ISLAMABAD: Malala Yousafzai stood up against all odds. In defiance of the Taliban in Swat, she decided to acquire education and helped her peers to do the same. The thirteen-year-old's dauntless struggle is to now be officially recognised.
Malala, who was recently honoured with the first National Peace Award for Youth, is to now have the award named after her. The annual award will now be known as the National Malala Peace Prize. It will be presented to outstanding Pakistan youth below 18 years of age.
Earlier, Malala was the first Pakistani child amongst the top five nominees from around the globe for a peace award on Universal Children's Day. Although she didn't receive the international award, Prime Minister Yousaf Raza Gilani decided to acknowledge her efforts for the promotion of education in the extremely hostile conditions of Khyber-Pakhtunkhwa's Malakand division.

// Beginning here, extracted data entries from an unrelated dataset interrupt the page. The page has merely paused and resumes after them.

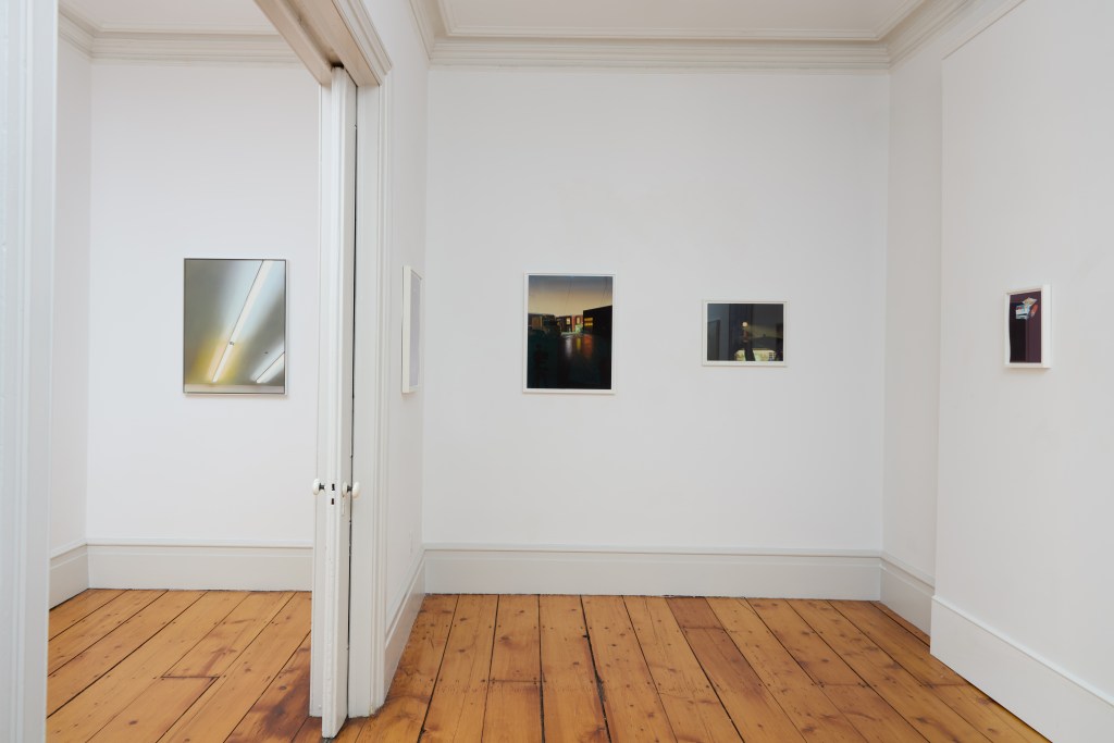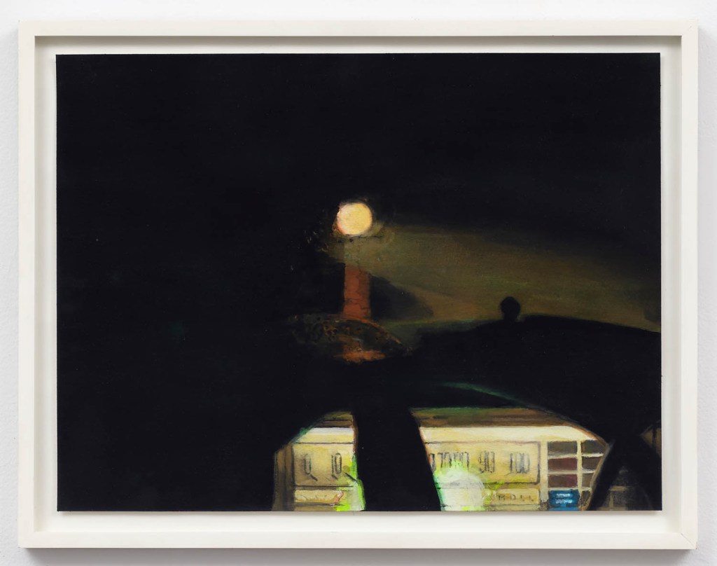 An untitled painting of a nocturnal scene is the most bewildering of the show. At its center, a circular light beams towards us. It’s unclear whether it is a moon hanging low in the sky, a street lantern, or maybe even a lighthouse. Whatever it is, the mysterious night light cuts through the surrounding fog, scanning the scene like a sentinel. In the foreground is the silhouette of a car and through it perhaps a parking garage, glowing in that special way buildings do after-hours. I was most curious about a lime-green reflection across the car’s window. I didn’t know if it came from outside the car or was created by Blair’s camera flash. The stain was visually harmonized within the picture, but also hard to identify, evoking my own memories of feeling out of place.
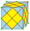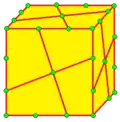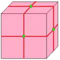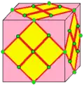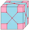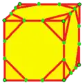 Join creates quadrilateral faces. Ambo creates degree-4 vertices, and is also called rectification, or the medial graph in graph theory.[10]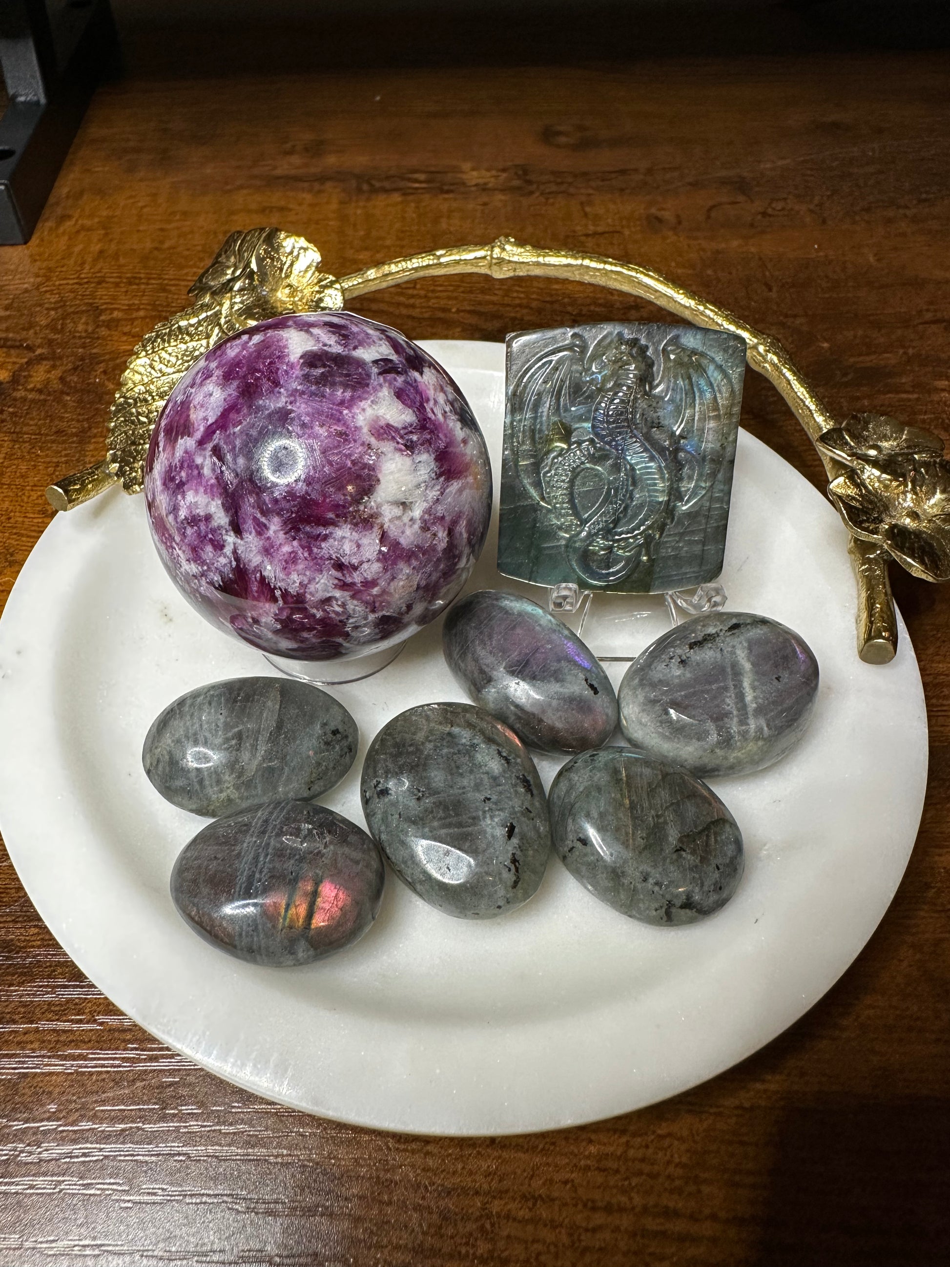 Spark Lepidolite Sphere: $50H + Labradorite Dragon Carving: $26P + Lab Tumbles (x6@$4): $24! Paid $10 New Customer Deposit!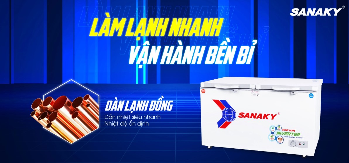 – Tủ đông Sanaky VH-5699W4K này được trang bị dàn lạnh bằng đồng nguyên chất với khả năng dẫn nhiệt nhanh, thời gian làm lạnh được đẩy nhanh hơn, giữ lại khi ngắt điện sẽ lâu hơn tủ lạnh có công nghệ làm lạnh thông thường. Nhờ đó thức ăn sẽ giữ được nguyên chất dinh dưỡng và tươi ngon lâu hơn.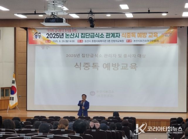 코리아타임뉴스 충남취재본부 | 논산시는 29일 종합사회복지관에서 학교·복지시설·산업체 등 집단급식소 관계자 200여 명을 대상으로 식중독 예방 교육을 실시했다.
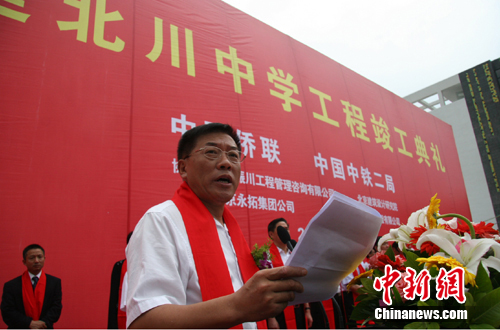 由中國僑聯(lián)援建的新北川中學17日在北川縣永昌鎮(zhèn)舉行了竣工典禮,林軍在典禮上說,中國僑聯(lián)和各援建單位沒有辜負全國人民的厚望,沒有辜負廣大歸僑僑眷、海外僑胞、港澳臺同胞的重托,將質(zhì)量一流、安全堅固、環(huán)境優(yōu)美、和諧溫馨的新北川中學呈獻給北川人民。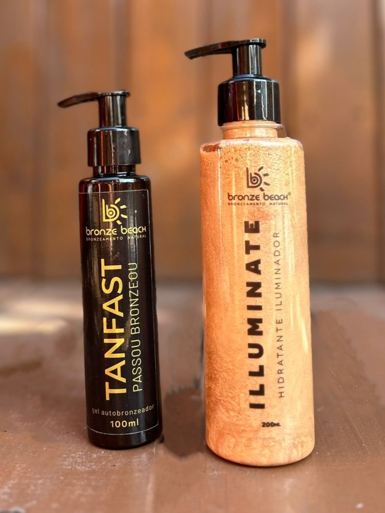 O gel autobronzeador proporciona o tom de pele dourado e o hidratante iluminador, além de hidratar a pele, deixa o efeito cintilante.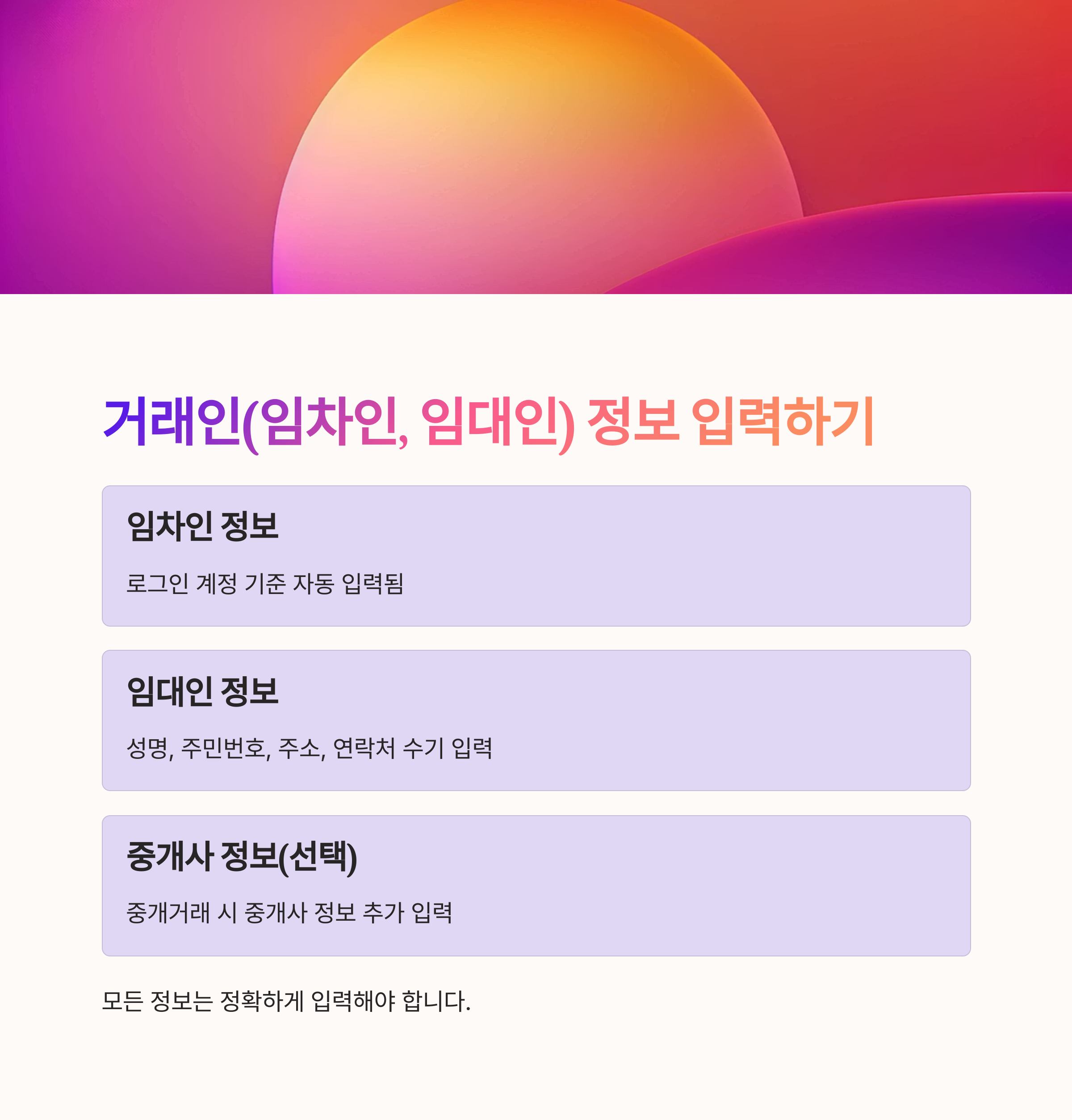 | 임대인 정보 확보 | 성명, 주민번호, 연락처 등 정확히 |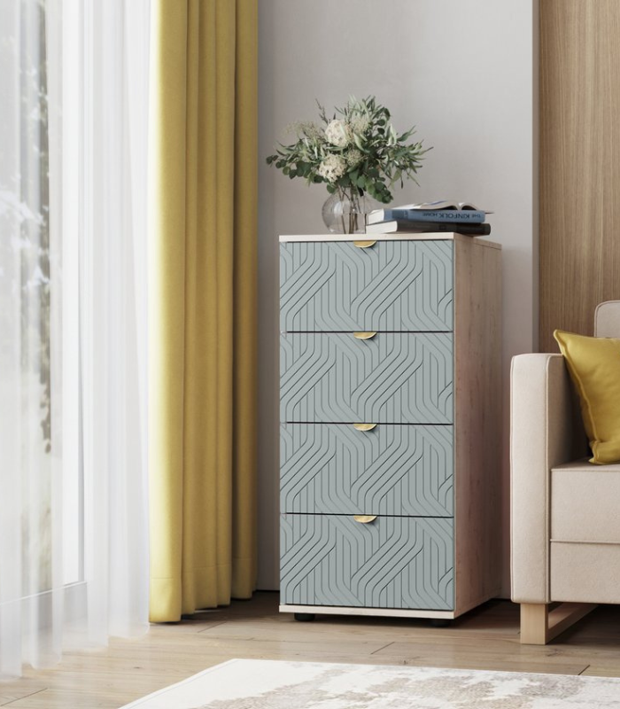 Màu Xanh Dương Nhạt trẻ trung, phù hợp cho các không gian muốn tạo cảm giác nhẹ nhàng, thoáng đãng. Tủ gồm 4 ngăn kéo tiện dụng, giúp bạn dễ dàng sắp xếp phụ kiện, quần áo hoặc tài liệu. Tủ phù hợp với phòng ngủ, phòng làm việc hoặc khu vực trang trí. Thiết kế thanh lịch giúp nâng tầm tổng thể không gian. Đây là lựa chọn lý tưởng cho người yêu thích sự trẻ trung nhưng vẫn cần sự tiện dụng. Sản phẩm hội tụ đầy đủ thẩm mỹ, độ bền và khả năng tối ưu hóa không gian.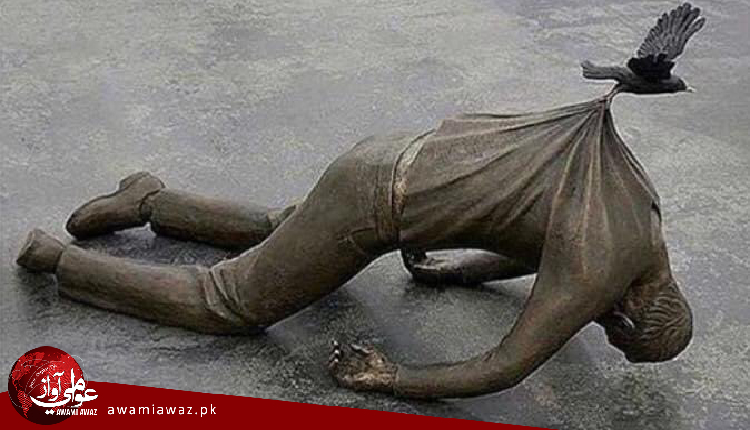 تصوير ۾ مرد انسان جو هجڻ طاقت جي علامت کي سمجهي سگهجي ٿو، جڏهن ته ان جو زمين تي منهن ڀر پوڻ جا به دنيا کان منهن ڦيرڻ، لاعلمي، اڻڄاڻائي، اکيون ٻوٽڻ يا پٺي ڏيڻ سميت مختلف سبب ڪڍي سگهجن ٿا.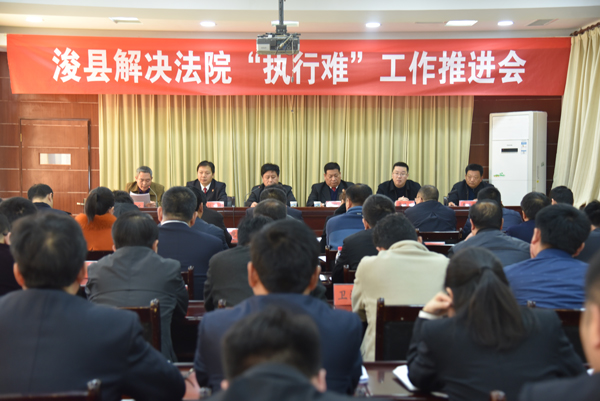 4月1日上午,浚县县委召开浚县解决法院“执行难”工作推进会。县委常委、政法委书记林大军到会并发表讲话,县法院院长韩明文,县检察院检察长刘波,县公安局局长华晓东出席会议,县发改委等30个执行联动机制成员单位负责人参加会议。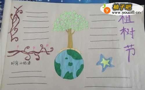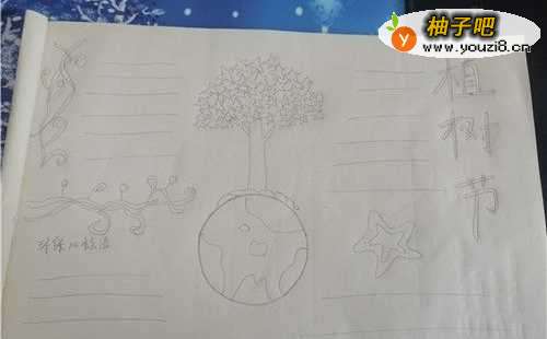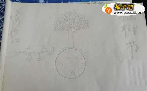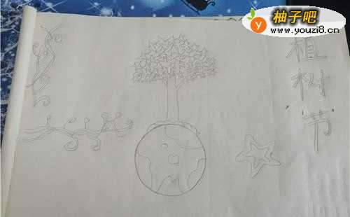 4画好后我们在修饰一下边角,然后再旁侧提上植树节标题。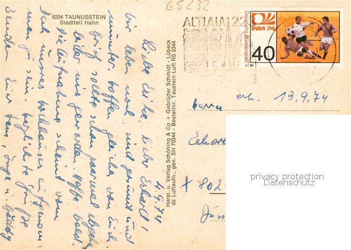 73858333 alte Postkarte Hahn Taunus Fliegeraufnahme postalisch gelaufen Erhaltung siehe scans [FriedD77] KatCode: 11110006439015

The Prime Minister congratulated Malala and her parents for her courageous stand and reaching out to her classmates to carry on with their studies in defiance of the Taliban who had banned secular education during their campaign in Malakand. She was also congratulated by the premier and other ministers on receiving the runner-up prize from Dutch Organisation KidsRights.
“I convinced my friends and other classmates of the importance of education and told them that our primary education will decide our future,” she said. “I am thankful not only to the students but also to their parents for honouring my requests and sending their daughters back to school,” she added.
On Malala's request herself, the prime minister has also directed the authorities to set up an IT campus in the Swat Degree College for Women.
For the upcoming year, Malala expressed her resolve to keep working for girls' rights not only in Swat valley but across Khyber-Pakhtunkhwa. She is looking forward to support from the country as well as the Pakhtun community in this regard.
Published in The Express Tribune, December 21st, 2011.